*** Opening Extracted material ***

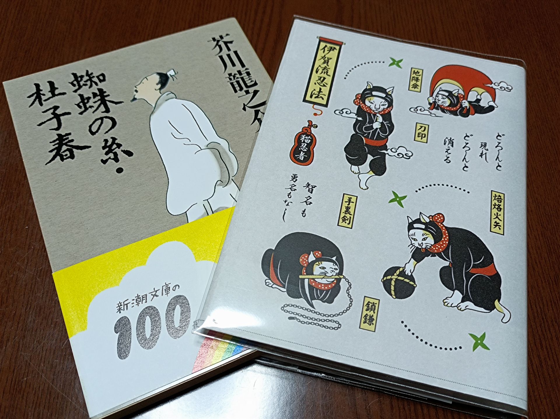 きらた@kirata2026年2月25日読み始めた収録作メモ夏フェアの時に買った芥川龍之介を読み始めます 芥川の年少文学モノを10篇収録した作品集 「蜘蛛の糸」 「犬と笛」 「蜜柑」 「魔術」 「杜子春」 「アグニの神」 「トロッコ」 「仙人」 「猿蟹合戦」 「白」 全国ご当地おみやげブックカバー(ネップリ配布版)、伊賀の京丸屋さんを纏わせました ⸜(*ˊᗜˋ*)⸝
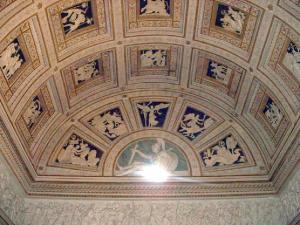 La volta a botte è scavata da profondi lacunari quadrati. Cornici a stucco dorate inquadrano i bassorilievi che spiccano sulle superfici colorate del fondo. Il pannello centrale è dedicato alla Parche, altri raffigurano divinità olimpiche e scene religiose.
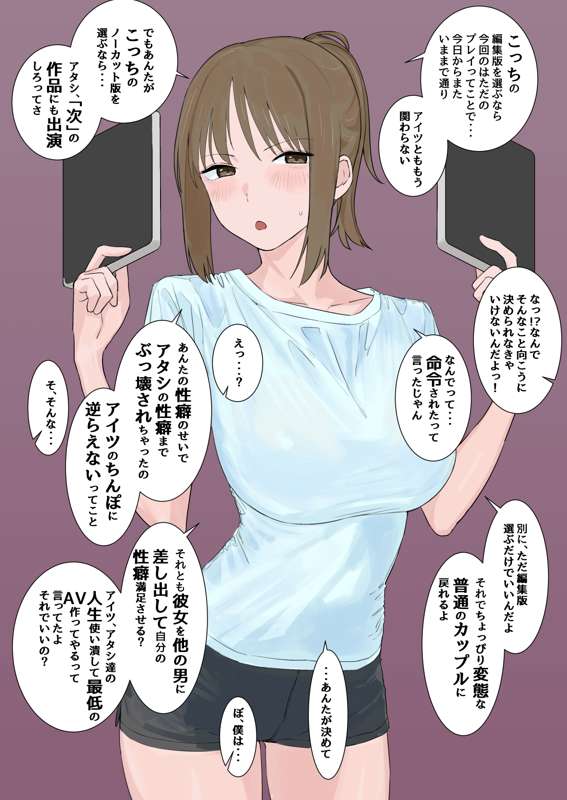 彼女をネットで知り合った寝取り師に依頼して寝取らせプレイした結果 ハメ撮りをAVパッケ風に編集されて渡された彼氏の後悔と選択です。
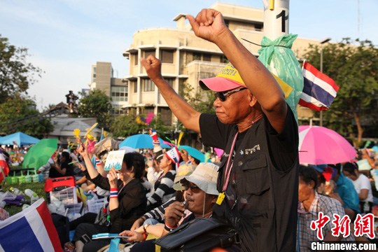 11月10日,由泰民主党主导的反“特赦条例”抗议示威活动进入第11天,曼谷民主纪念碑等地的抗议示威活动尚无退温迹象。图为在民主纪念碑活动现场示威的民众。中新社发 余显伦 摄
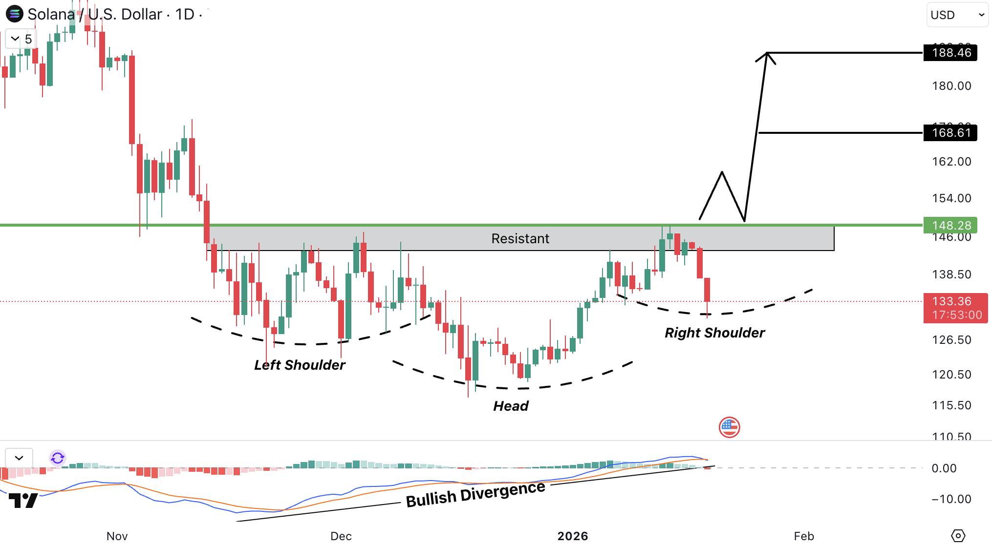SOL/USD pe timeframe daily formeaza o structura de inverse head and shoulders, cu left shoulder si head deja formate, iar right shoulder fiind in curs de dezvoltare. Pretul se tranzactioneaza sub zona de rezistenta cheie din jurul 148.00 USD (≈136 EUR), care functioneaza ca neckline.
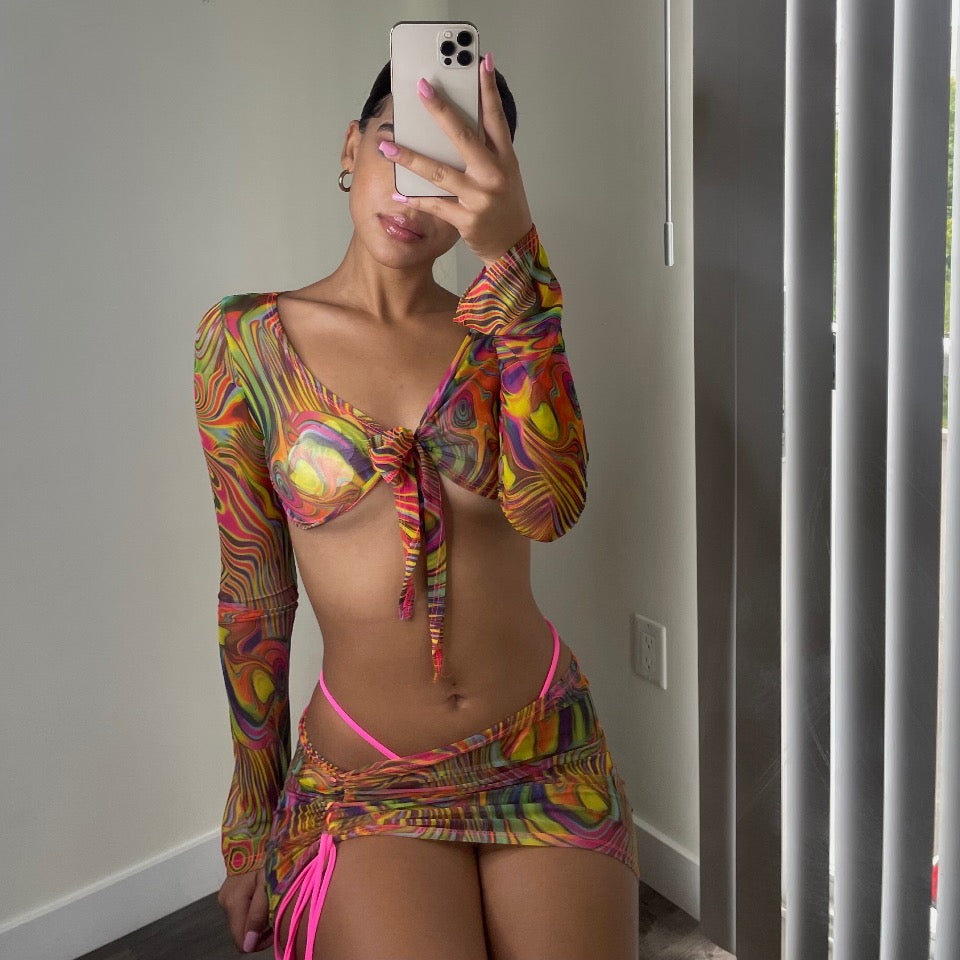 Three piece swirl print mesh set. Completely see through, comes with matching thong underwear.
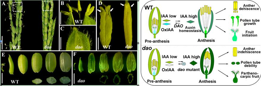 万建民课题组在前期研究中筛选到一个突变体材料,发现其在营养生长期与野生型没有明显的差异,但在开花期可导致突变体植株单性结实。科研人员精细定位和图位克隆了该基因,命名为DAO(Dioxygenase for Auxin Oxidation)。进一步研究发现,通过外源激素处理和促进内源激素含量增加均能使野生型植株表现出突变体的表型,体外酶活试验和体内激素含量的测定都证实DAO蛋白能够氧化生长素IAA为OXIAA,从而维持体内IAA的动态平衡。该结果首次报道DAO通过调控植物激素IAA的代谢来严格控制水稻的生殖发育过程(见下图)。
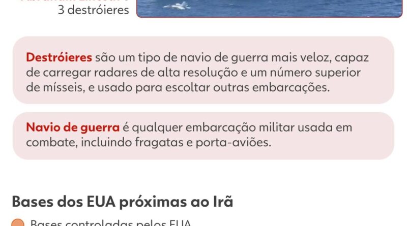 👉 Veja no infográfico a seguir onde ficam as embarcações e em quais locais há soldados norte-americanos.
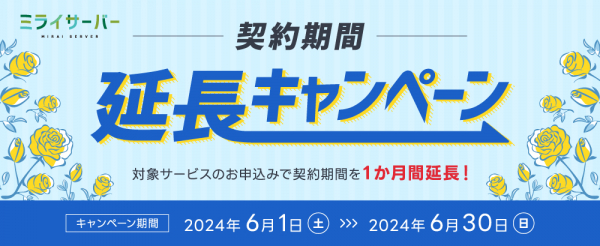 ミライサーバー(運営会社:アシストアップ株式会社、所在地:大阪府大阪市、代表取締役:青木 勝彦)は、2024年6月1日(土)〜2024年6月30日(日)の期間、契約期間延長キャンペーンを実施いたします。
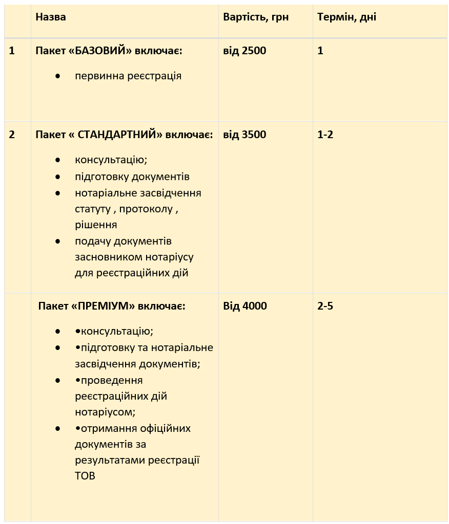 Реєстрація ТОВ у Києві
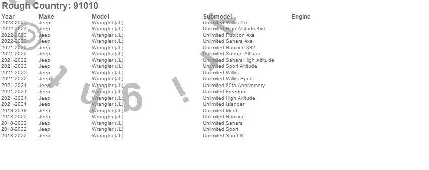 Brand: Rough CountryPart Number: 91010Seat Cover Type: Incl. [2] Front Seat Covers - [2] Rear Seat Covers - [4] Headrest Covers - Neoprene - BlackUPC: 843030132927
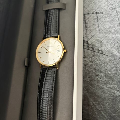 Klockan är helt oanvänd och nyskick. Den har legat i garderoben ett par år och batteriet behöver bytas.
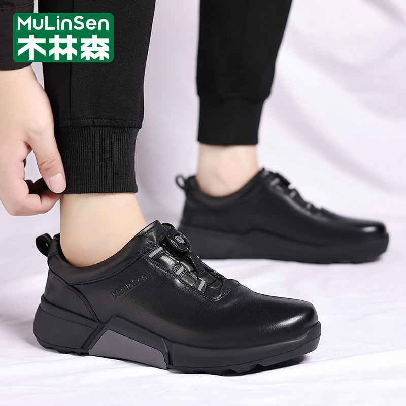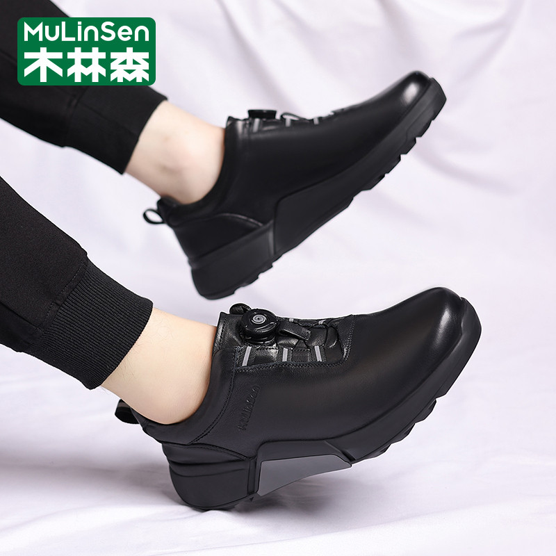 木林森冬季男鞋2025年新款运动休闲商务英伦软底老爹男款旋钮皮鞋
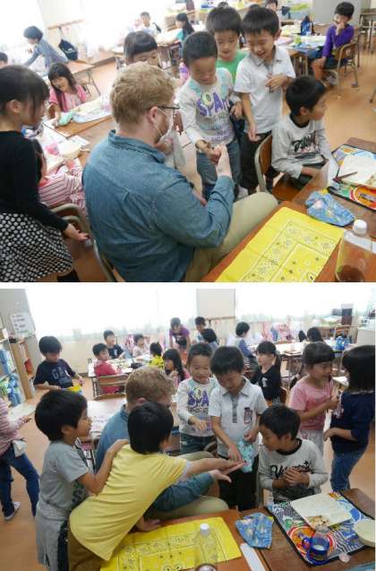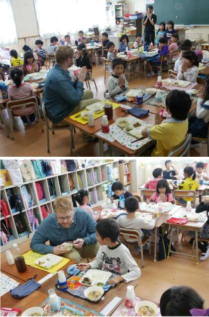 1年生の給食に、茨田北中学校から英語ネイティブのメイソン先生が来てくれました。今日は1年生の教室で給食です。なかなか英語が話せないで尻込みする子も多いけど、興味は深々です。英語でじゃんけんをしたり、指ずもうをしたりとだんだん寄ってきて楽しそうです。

*** Closing Extracted material ***

Reproduce the data above exactly, leaving out any picture in it.

 きらた@kirata2026年2月25日読み始めた収録作メモ夏フェアの時に買った芥川龍之介を読み始めます 芥川の年少文学モノを10篇収録した作品集 「蜘蛛の糸」 「犬と笛」 「蜜柑」 「魔術」 「杜子春」 「アグニの神」 「トロッコ」 「仙人」 「猿蟹合戦」 「白」 全国ご当地おみやげブックカバー(ネップリ配布版)、伊賀の京丸屋さんを纏わせました ⸜(*ˊᗜˋ*)⸝
 La volta a botte è scavata da profondi lacunari quadrati. Cornici a stucco dorate inquadrano i bassorilievi che spiccano sulle superfici colorate del fondo. Il pannello centrale è dedicato alla Parche, altri raffigurano divinità olimpiche e scene religiose.
 彼女をネットで知り合った寝取り師に依頼して寝取らせプレイした結果 ハメ撮りをAVパッケ風に編集されて渡された彼氏の後悔と選択です。
 11月10日,由泰民主党主导的反“特赦条例”抗议示威活动进入第11天,曼谷民主纪念碑等地的抗议示威活动尚无退温迹象。图为在民主纪念碑活动现场示威的民众。中新社发 余显伦 摄
SOL/USD pe timeframe daily formeaza o structura de inverse head and shoulders, cu left shoulder si head deja formate, iar right shoulder fiind in curs de dezvoltare. Pretul se tranzactioneaza sub zona de rezistenta cheie din jurul 148.00 USD (≈136 EUR), care functioneaza ca neckline.
 Three piece swirl print mesh set. Completely see through, comes with matching thong underwear.
 万建民课题组在前期研究中筛选到一个突变体材料,发现其在营养生长期与野生型没有明显的差异,但在开花期可导致突变体植株单性结实。科研人员精细定位和图位克隆了该基因,命名为DAO(Dioxygenase for Auxin Oxidation)。进一步研究发现,通过外源激素处理和促进内源激素含量增加均能使野生型植株表现出突变体的表型,体外酶活试验和体内激素含量的测定都证实DAO蛋白能够氧化生长素IAA为OXIAA,从而维持体内IAA的动态平衡。该结果首次报道DAO通过调控植物激素IAA的代谢来严格控制水稻的生殖发育过程(见下图)。
 👉 Veja no infográfico a seguir onde ficam as embarcações e em quais locais há soldados norte-americanos.
 ミライサーバー(運営会社:アシストアップ株式会社、所在地:大阪府大阪市、代表取締役:青木 勝彦)は、2024年6月1日(土)〜2024年6月30日(日)の期間、契約期間延長キャンペーンを実施いたします。
 Реєстрація ТОВ у Києві
 Brand: Rough CountryPart Number: 91010Seat Cover Type: Incl. [2] Front Seat Covers - [2] Rear Seat Covers - [4] Headrest Covers - Neoprene - BlackUPC: 843030132927
 Klockan är helt oanvänd och nyskick. Den har legat i garderoben ett par år och batteriet behöver bytas.
 木林森冬季男鞋2025年新款运动休闲商务英伦软底老爹男款旋钮皮鞋
 1年生の給食に、茨田北中学校から英語ネイティブのメイソン先生が来てくれました。今日は1年生の教室で給食です。なかなか英語が話せないで尻込みする子も多いけど、興味は深々です。英語でじゃんけんをしたり、指ずもうをしたりとだんだん寄ってきて楽しそうです。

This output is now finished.